The Fiver: daftar dan dapatkan email sepakbola harian kami.

“Anda bisa tersesat dalam semua nama dan peluang ini dan tiba-tiba Anda akhirnya bermain 2-7-1 atau apa pun,” katanya. “Anda perlu memfokuskan kembali dan mandi air dingin dan menenangkan diri – atau saya harus – dan kemudian Anda pergi: ‘Oke, mari kembali ke tempat yang kita butuhkan. Apa yang kita butuhkan untuk skuad dan kepribadian seperti apa dan bakat seperti apa yang kita butuhkan?’ Dan kurang lebih seperti itu.”

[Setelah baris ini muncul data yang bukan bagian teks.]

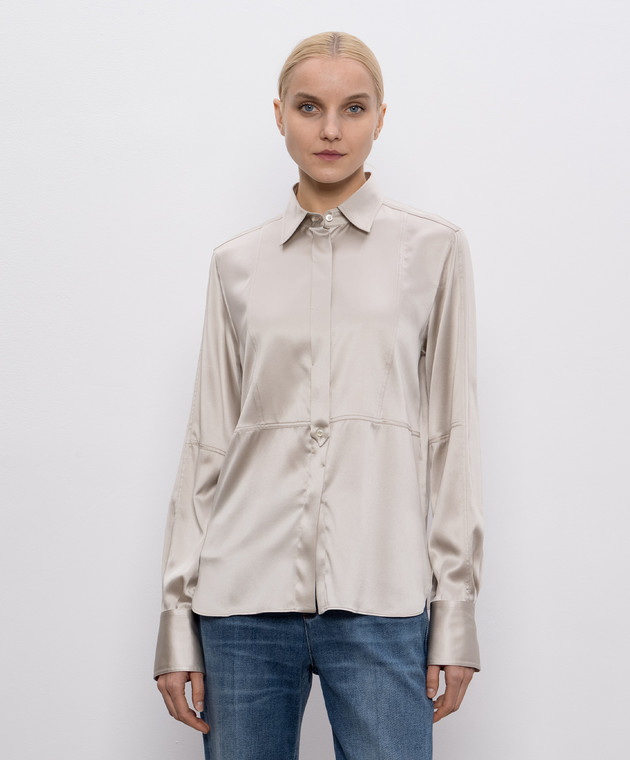 Бежева блуза із шовку з ланцюжком моніль

Tuchel menambahkan: “Itu juga cukup bergejolak di sini, harus saya katakan. Itu penting dengan dimulainya musim baru: apakah kami masih mencoba sesuatu? Tidak. Ini adalah Everton sekarang dan proses itu telah membantu semua orang untuk tenang. Melihat bahwa kami berhasil di pasar juga menenangkan saya dan ada saling memberi dan menerima untuk semua orang. Kekuatan Chelsea adalah ketenangan dari dalam dan juga dari luar dan kami perlu mencapai status itu lagi.”

Pos terkait

Tinggalkan Balasan

Alamat email Anda tidak akan dipublikasikan.